▶ [Data provided]
────────────────────

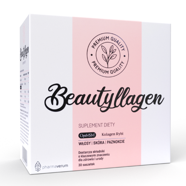 Beautyllagen - Kolagen + Kwas Hialuronowy + Biotyna - suplement. Kolagenowy suplement z najczystszym związkiem siarki, witaminą C, kwasem hialuronowym i biotyną. To właśnie kolagen jest fundamentem zdrowej młodej skóry, jędrnej i sprężystej. Pierwsze oznaki starzenia pojawiają się, gdy spada jego ilość w organizmie, stąd tak ważnym jest jego uzupełnianie. Beautyllagen to najwyższej jakości składniki, które stymulują tworzenie nowych tkanek i produkcję kolagenu. Kolagen to białko, które jest najważniejszym budulcem skóry właściwej i odpowiada za gęstość skóry, jędrność i jej elastyczność. Zapewnia prawidłowe funkcjonowanie chrząstki stawowej i tkanki łącznej. Siarka organiczna, to naturalny związek siarki wspierający kondycję skóry, włosów i paznokci. Jego działanie potwierdzono licznymi badaniami klinicznymi, i jest marką zastrzeżoną Bergstrom® Nutrition. Kwas hialuronowy występuje naturalnie w organizmie, jednakże jego niedobór uruchamia procesy starzeniowe. Kwas hialuronowy doskonale dba o pełne nawilżenie skóry, nawadniając skórę "od środka". Witamina C - jej zadaniem jest wspieranie produkcji kolagenu dla zachowania prawidłowego funkcjonowania skóry. Ponadto chroni komórki przed stresem oksydacyjnym, wspiera układ odpornościowy oraz redukuje uczucie zmęczenia. Biotyna pomaga w zachowaniu zdrowej skóry, włosów i paznokci.Wskazania: oznaki starzenia się skóry, utrata jędrności, utrata gęstości, zmarszczki, słabe włosy i paznokcie Pojemność: 30 saszetek
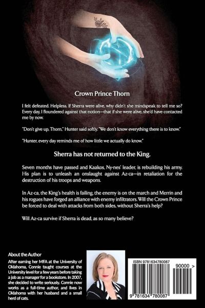 Crown Prince Thorn: I felt defeated. Helpless. If Sherra were alive, why didn't she mindspeak to tell me so? Every day, I floundered against that notion-that if she were alive, she'd have contacted me by now. "Don't give up, Thorn," Hunter said softly. "We don't know everything there is to know." "Hunter, every day reminds me of how little we actually do know." * * * Sherra has not returned to the King. Seven months have passed and Kaakos, Ny-nes' leader, is rebuilding his army. His plan is to unleash an onslaught against Az-ca-in retaliation for the destruction of his troops and weapons. In Az-ca, the King's health is failing, the enemy is on the march and Merrin and his rogues have forged an alliance with enemy infiltrators. Will the Crown Prince be forced to deal with attacks from both sides, without Sherra's help? Will Az-ca survive if Sherra is dead, as so many believe?
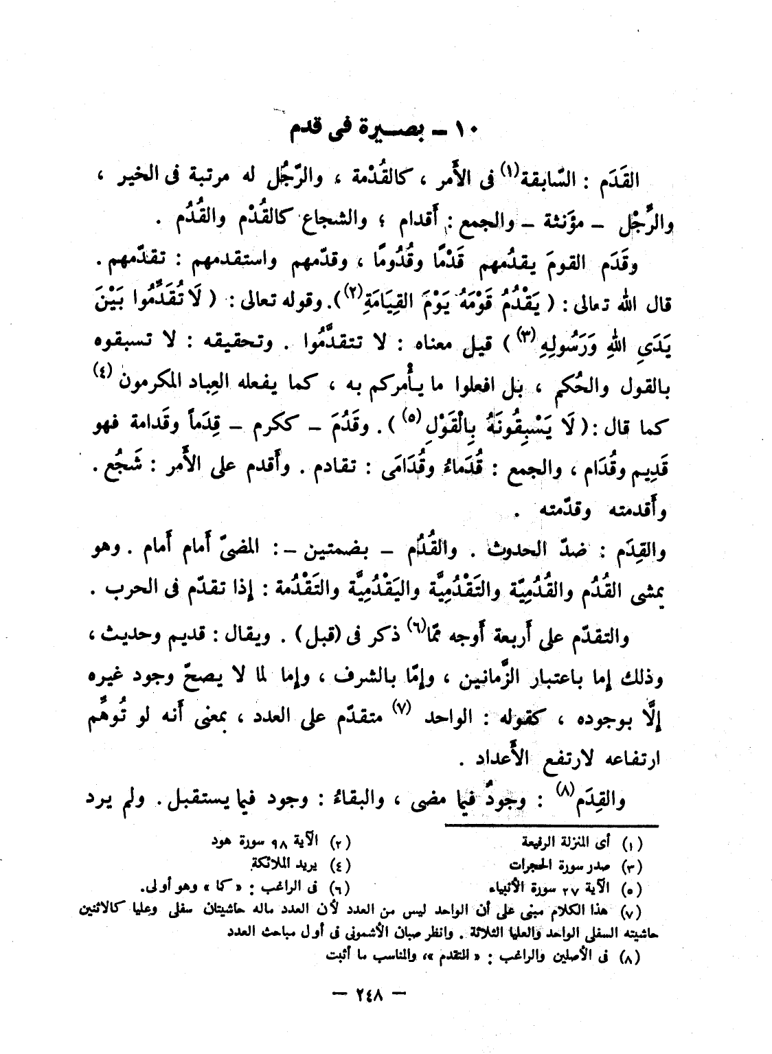 وقَدَم القومَ يقدُمهم قَدْمًا وقُدُومًا، وقدّمهم واستقدمهم: تقدّمهم. قال الله تعالى: {يَقْدُمُ قَوْمَهُ يَوْمَ القيامة} . وقوله تعالى: {لاَ تُقَدِّمُواْ بَيْنَ يَدَيِ الله وَرَسُولِهِ} قيل معناه: لا تتقدَّمُوا. وتحقيقه: لا تسبقوه بالقول والحُكم، بل افعلوا ما يأْمركم به، كما يفعله العِباد المكرمون كما قال: {لاَ يَسْبِقُونَهُ بالقول} . وقَدُمَ - ككرم - قِدَماً وقَدامة فهو قَدِيم وقُدَام، والجمع: قُدَماءُ وقُدَامَى: تقادم. وأَقدم على الأَمر: شَجُع. وأَقدمته وقدّمته.

────────────────────

▶ [Instructions to follow] Nothing but the pictures is to be left out; the rest of the listing should be copied exactly.

▶ [Answer for the task]
 Beautyllagen - Kolagen + Kwas Hialuronowy + Biotyna - suplement. Kolagenowy suplement z najczystszym związkiem siarki, witaminą C, kwasem hialuronowym i biotyną. To właśnie kolagen jest fundamentem zdrowej młodej skóry, jędrnej i sprężystej. Pierwsze oznaki starzenia pojawiają się, gdy spada jego ilość w organizmie, stąd tak ważnym jest jego uzupełnianie. Beautyllagen to najwyższej jakości składniki, które stymulują tworzenie nowych tkanek i produkcję kolagenu. Kolagen to białko, które jest najważniejszym budulcem skóry właściwej i odpowiada za gęstość skóry, jędrność i jej elastyczność. Zapewnia prawidłowe funkcjonowanie chrząstki stawowej i tkanki łącznej. Siarka organiczna, to naturalny związek siarki wspierający kondycję skóry, włosów i paznokci. Jego działanie potwierdzono licznymi badaniami klinicznymi, i jest marką zastrzeżoną Bergstrom® Nutrition. Kwas hialuronowy występuje naturalnie w organizmie, jednakże jego niedobór uruchamia procesy starzeniowe. Kwas hialuronowy doskonale dba o pełne nawilżenie skóry, nawadniając skórę "od środka". Witamina C - jej zadaniem jest wspieranie produkcji kolagenu dla zachowania prawidłowego funkcjonowania skóry. Ponadto chroni komórki przed stresem oksydacyjnym, wspiera układ odpornościowy oraz redukuje uczucie zmęczenia. Biotyna pomaga w zachowaniu zdrowej skóry, włosów i paznokci.Wskazania: oznaki starzenia się skóry, utrata jędrności, utrata gęstości, zmarszczki, słabe włosy i paznokcie Pojemność: 30 saszetek
 Crown Prince Thorn: I felt defeated. Helpless. If Sherra were alive, why didn't she mindspeak to tell me so? Every day, I floundered against that notion-that if she were alive, she'd have contacted me by now. "Don't give up, Thorn," Hunter said softly. "We don't know everything there is to know." "Hunter, every day reminds me of how little we actually do know." * * * Sherra has not returned to the King. Seven months have passed and Kaakos, Ny-nes' leader, is rebuilding his army. His plan is to unleash an onslaught against Az-ca-in retaliation for the destruction of his troops and weapons. In Az-ca, the King's health is failing, the enemy is on the march and Merrin and his rogues have forged an alliance with enemy infiltrators. Will the Crown Prince be forced to deal with attacks from both sides, without Sherra's help? Will Az-ca survive if Sherra is dead, as so many believe?
 وقَدَم القومَ يقدُمهم قَدْمًا وقُدُومًا، وقدّمهم واستقدمهم: تقدّمهم. قال الله تعالى: {يَقْدُمُ قَوْمَهُ يَوْمَ القيامة} . وقوله تعالى: {لاَ تُقَدِّمُواْ بَيْنَ يَدَيِ الله وَرَسُولِهِ} قيل معناه: لا تتقدَّمُوا. وتحقيقه: لا تسبقوه بالقول والحُكم، بل افعلوا ما يأْمركم به، كما يفعله العِباد المكرمون كما قال: {لاَ يَسْبِقُونَهُ بالقول} . وقَدُمَ - ككرم - قِدَماً وقَدامة فهو قَدِيم وقُدَام، والجمع: قُدَماءُ وقُدَامَى: تقادم. وأَقدم على الأَمر: شَجُع. وأَقدمته وقدّمته.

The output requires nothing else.